_MATERIAL TO PROCESS_
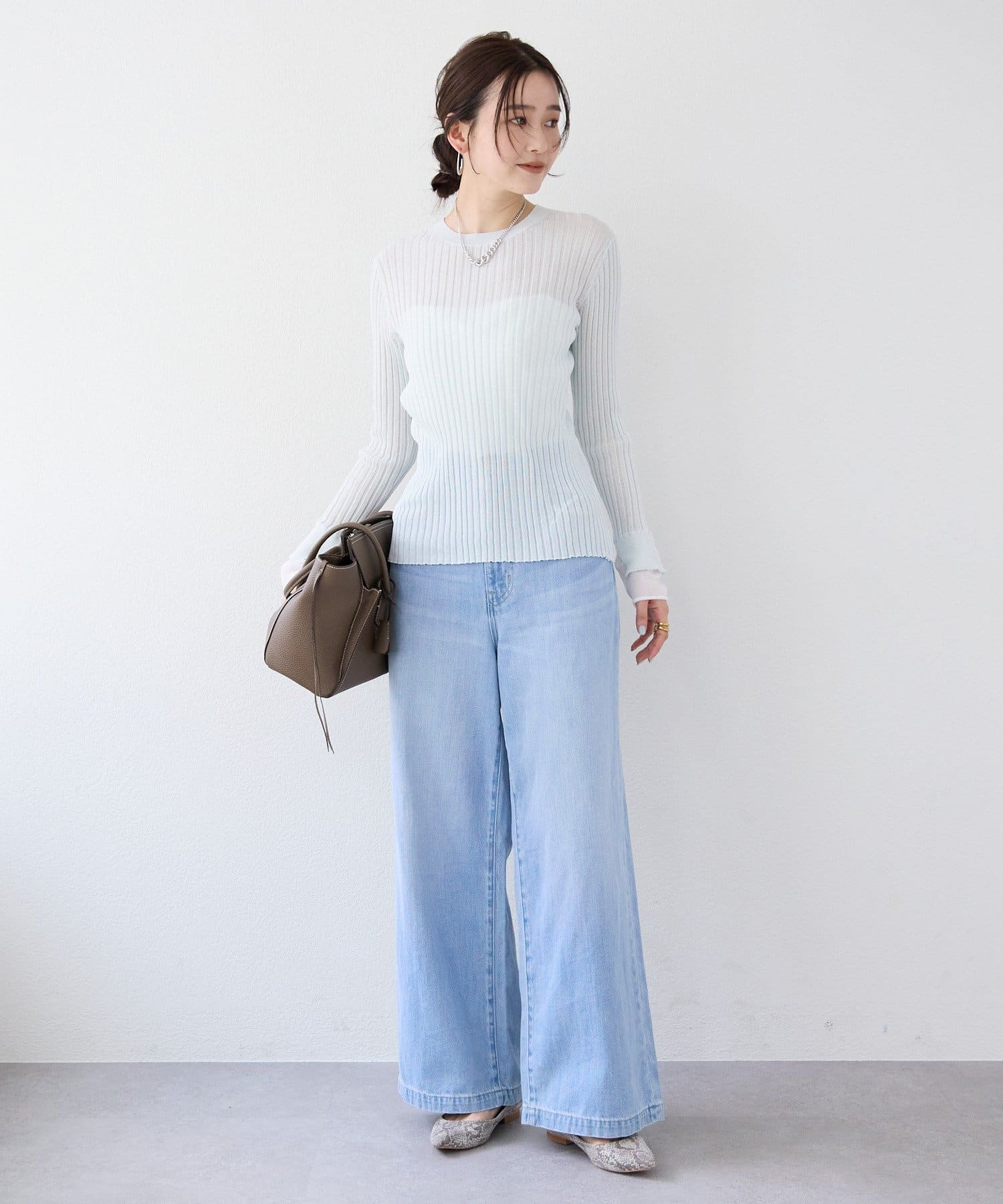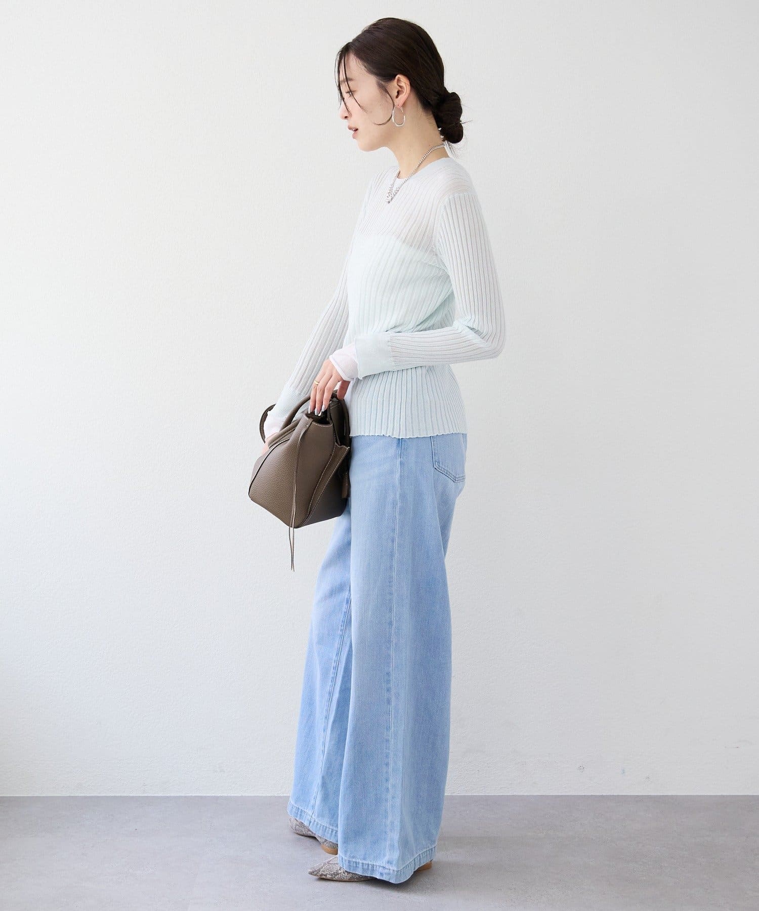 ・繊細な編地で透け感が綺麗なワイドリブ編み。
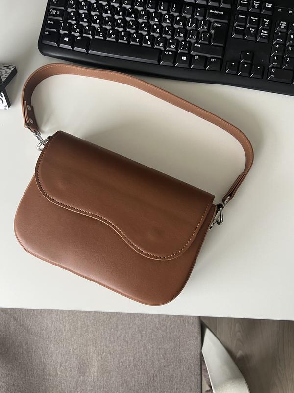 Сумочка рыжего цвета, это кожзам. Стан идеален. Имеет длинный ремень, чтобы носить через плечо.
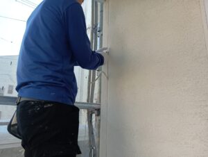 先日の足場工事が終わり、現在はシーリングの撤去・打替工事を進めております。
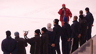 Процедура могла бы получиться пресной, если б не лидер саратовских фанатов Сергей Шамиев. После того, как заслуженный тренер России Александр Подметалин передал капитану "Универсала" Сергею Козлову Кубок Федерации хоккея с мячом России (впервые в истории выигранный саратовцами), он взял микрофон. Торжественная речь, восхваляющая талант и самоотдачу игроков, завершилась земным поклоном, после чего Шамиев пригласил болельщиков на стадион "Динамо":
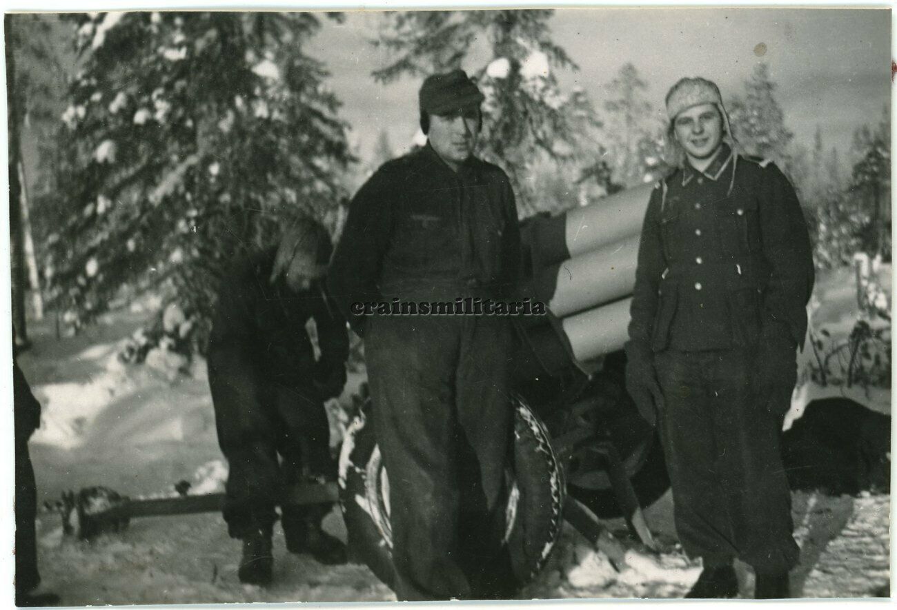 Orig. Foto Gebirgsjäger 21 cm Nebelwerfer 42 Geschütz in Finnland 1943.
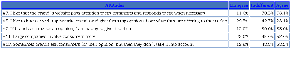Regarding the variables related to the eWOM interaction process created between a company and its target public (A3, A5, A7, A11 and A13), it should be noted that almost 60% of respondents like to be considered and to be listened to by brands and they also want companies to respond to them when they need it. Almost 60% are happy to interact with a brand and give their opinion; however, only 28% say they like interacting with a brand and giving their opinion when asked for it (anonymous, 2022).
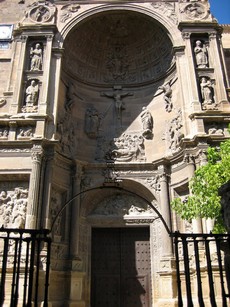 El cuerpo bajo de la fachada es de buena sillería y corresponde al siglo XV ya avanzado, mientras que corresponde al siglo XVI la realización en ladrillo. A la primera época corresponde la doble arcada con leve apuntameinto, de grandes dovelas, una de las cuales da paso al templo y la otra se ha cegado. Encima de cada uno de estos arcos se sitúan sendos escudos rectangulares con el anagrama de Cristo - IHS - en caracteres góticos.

==

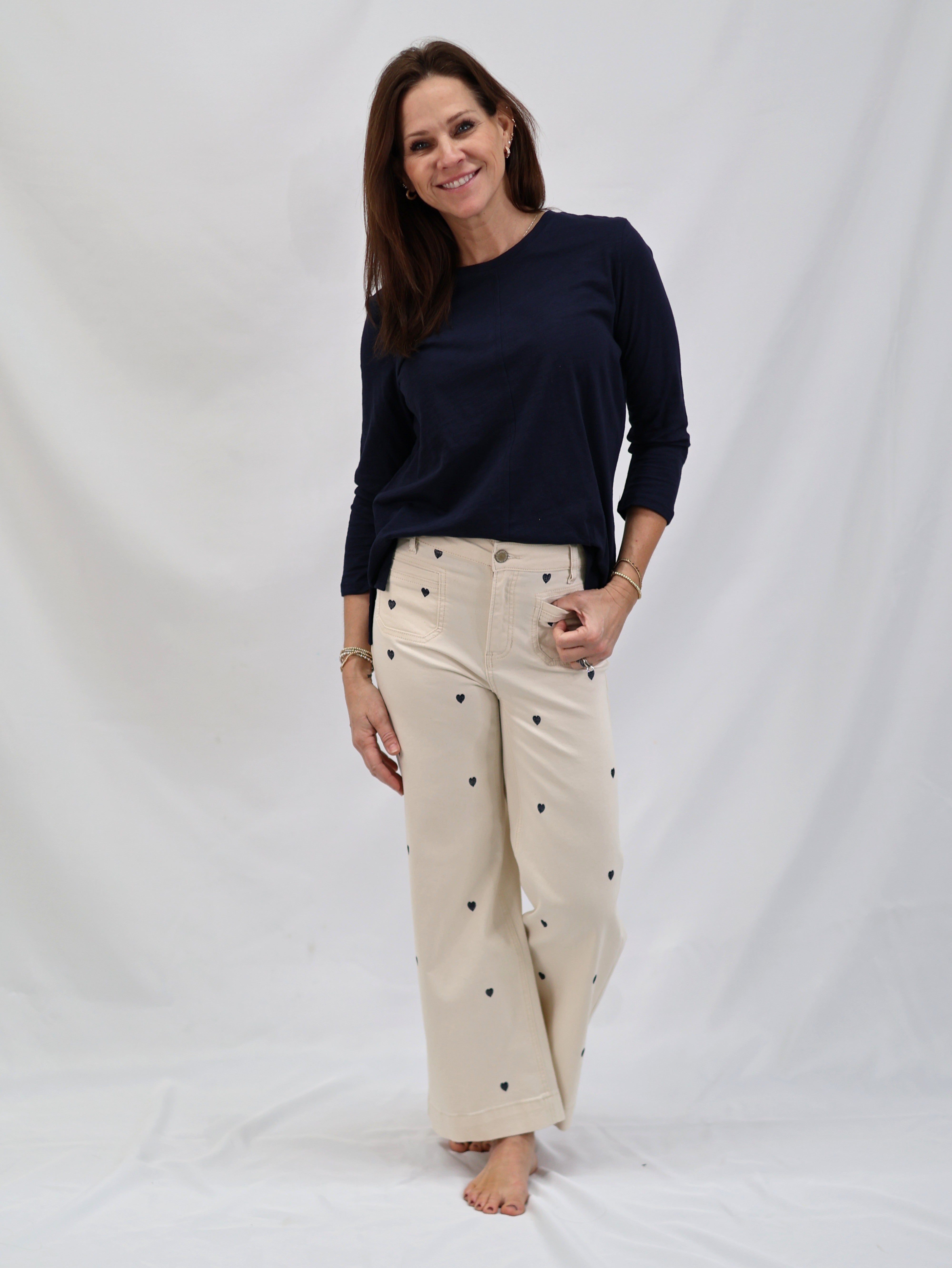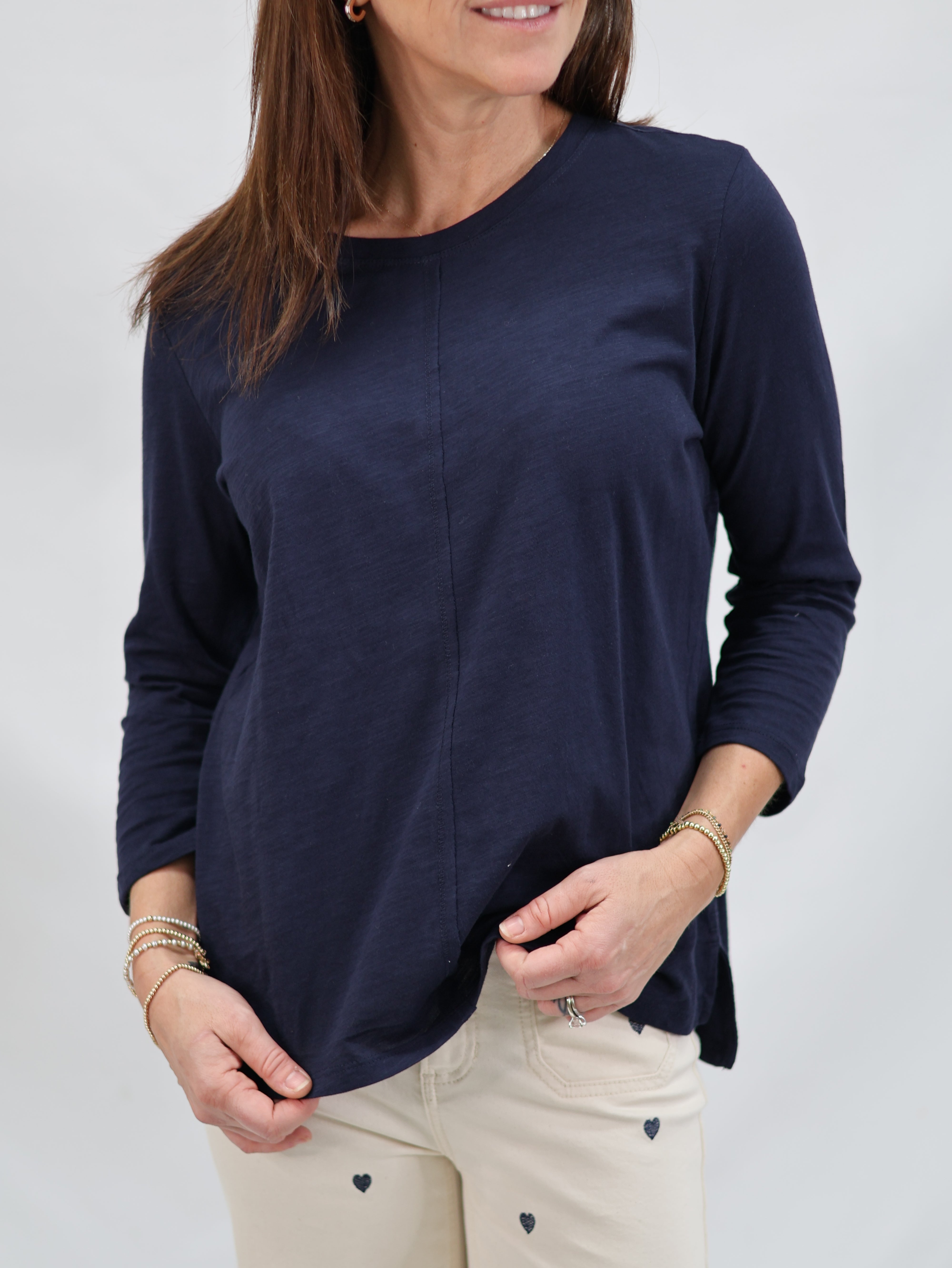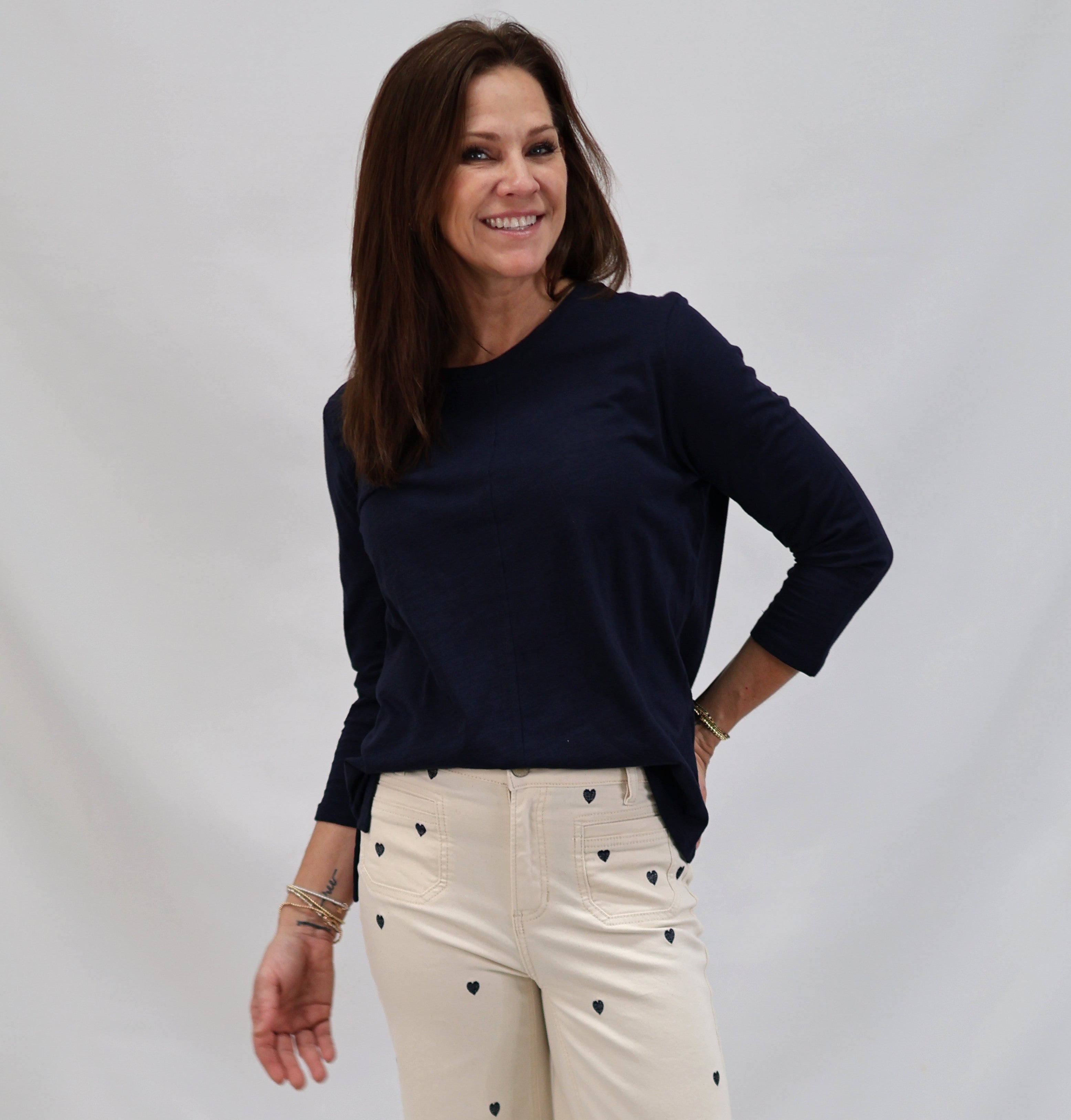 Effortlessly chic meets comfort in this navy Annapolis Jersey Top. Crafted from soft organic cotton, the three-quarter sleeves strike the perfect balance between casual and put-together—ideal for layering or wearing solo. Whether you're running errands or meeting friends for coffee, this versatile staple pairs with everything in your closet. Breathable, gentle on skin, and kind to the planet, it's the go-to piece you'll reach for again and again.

_ASSIGNMENT_
The lines to reproduce run from the one above containing "先日の足場工事が終わり、現在はシーリングの撤去・打替工事を進めております。" through the one containing "Orig. Foto Gebirgsjäger". Copy them exactly and leave out all pictures.

_ANSWER BELOW_
 先日の足場工事が終わり、現在はシーリングの撤去・打替工事を進めております。
 Процедура могла бы получиться пресной, если б не лидер саратовских фанатов Сергей Шамиев. После того, как заслуженный тренер России Александр Подметалин передал капитану "Универсала" Сергею Козлову Кубок Федерации хоккея с мячом России (впервые в истории выигранный саратовцами), он взял микрофон. Торжественная речь, восхваляющая талант и самоотдачу игроков, завершилась земным поклоном, после чего Шамиев пригласил болельщиков на стадион "Динамо":
 Orig. Foto Gebirgsjäger 21 cm Nebelwerfer 42 Geschütz in Finnland 1943.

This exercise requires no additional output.